The essential nature of winter
When late November finally arrives, my wife, Elizabeth, and I go into another mode. Her busy season in the gallery-studio she operates here on the town square in Bryson City pretty much comes to an end. The Elderhostel programs, workshops and lectures that keep me on the road from mid-March into November come to an abrupt halt. From now until early spring we get to spend more time together at our home place in a little cove four miles west of town. Winter is our time of the year.
Wouldn’t you hate to live in an area where there was no true winter or in an area where winter lasted too long? The southwestern region of Western North Carolina is, in our opinion, the ideal place to live in this regard. Once you get up around Boone or into the Blacksburg region of Virginia, winters become serious affairs. Here the winters are just right.
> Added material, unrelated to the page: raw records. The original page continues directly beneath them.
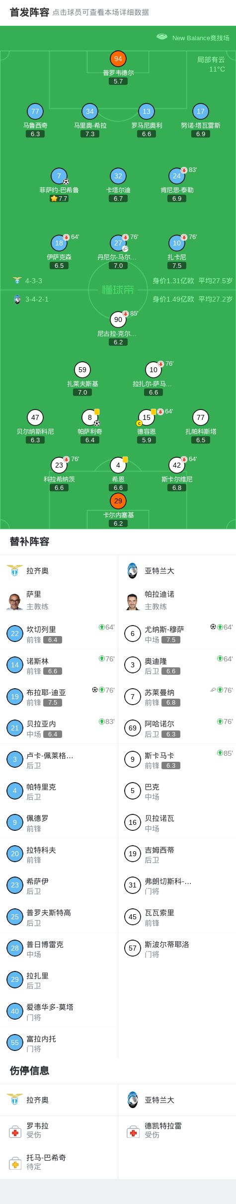 意杯半决赛首回合拉齐奥2-2亚特兰大,尤纳斯-穆萨绝平比分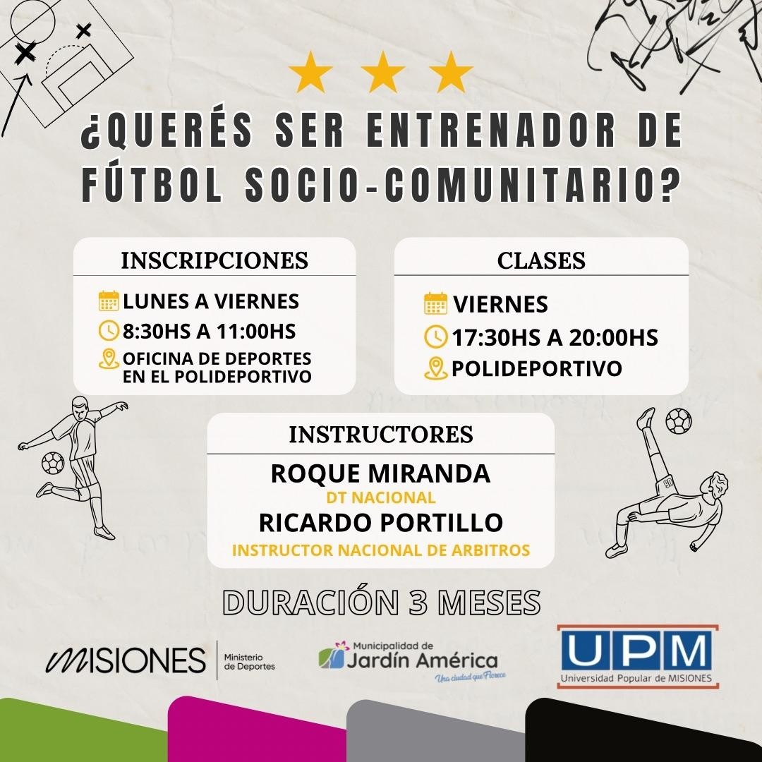 El próximo 17 de abril comenzará a dictarse en Jardín América el curso de “Entrenador de futbol socio comunitario”, capacitación a cargo del DT Nacional Roque Miranda y del Instructor Nacional de Árbitros Ricardo Portillo.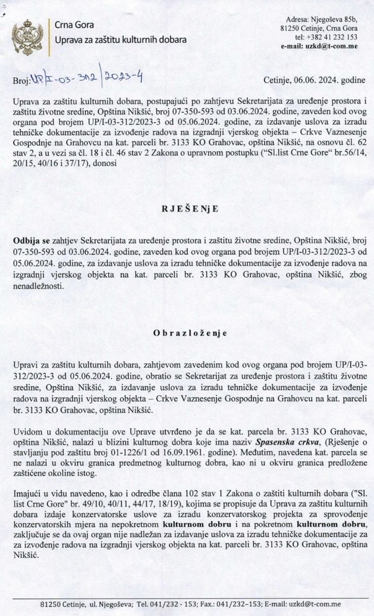 „Crkva Srbije na Grahovcu planira izgradnju crkve ‘Vaznesenje Gospodnje’ kao da postojeći objekat pod tim nazivom ne postoji“, saopštili su iz CGP-a.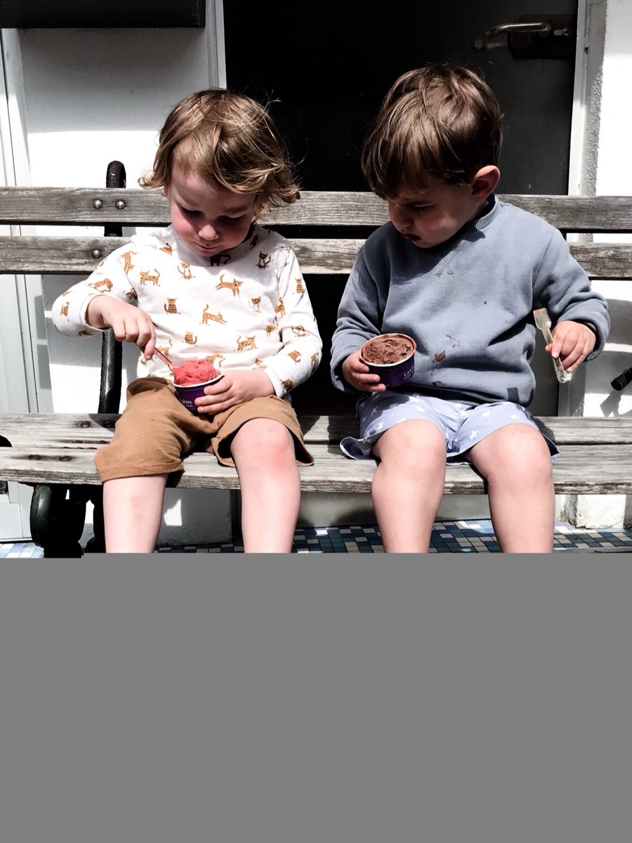 Pour le goûter, l’heure était aux glaces de l’excellent maître artisan La Cour d’Orgères. Des petits pots pour les enfants et moi après beaucoup d’hésitation – tant tous les parfums donnent envie – j’ai choisi une boule pistache.

Winter is the season of light. Following summer’s haze and the soft tones of autumn, we’re not always confronted with the gloom we tend to anticipate but with a shimmering brightness that makes windowpanes gleam.
After a snowfall the wonder of winter light reaches its peak. Snow sparkles on the mountains and fields. Rock walls and the foundations of old homesteads normally overlooked are redefined, once again becoming a part of our daily lives.
But even without snow, winter light maintains its peculiar quality. It is so pure we see the edges of things more clearly. Twigs and branches are crosshatched against the sky with lines as fine as the pen strokes in an artist’s line drawing. In this light our world becomes more distinct, more exhilarating.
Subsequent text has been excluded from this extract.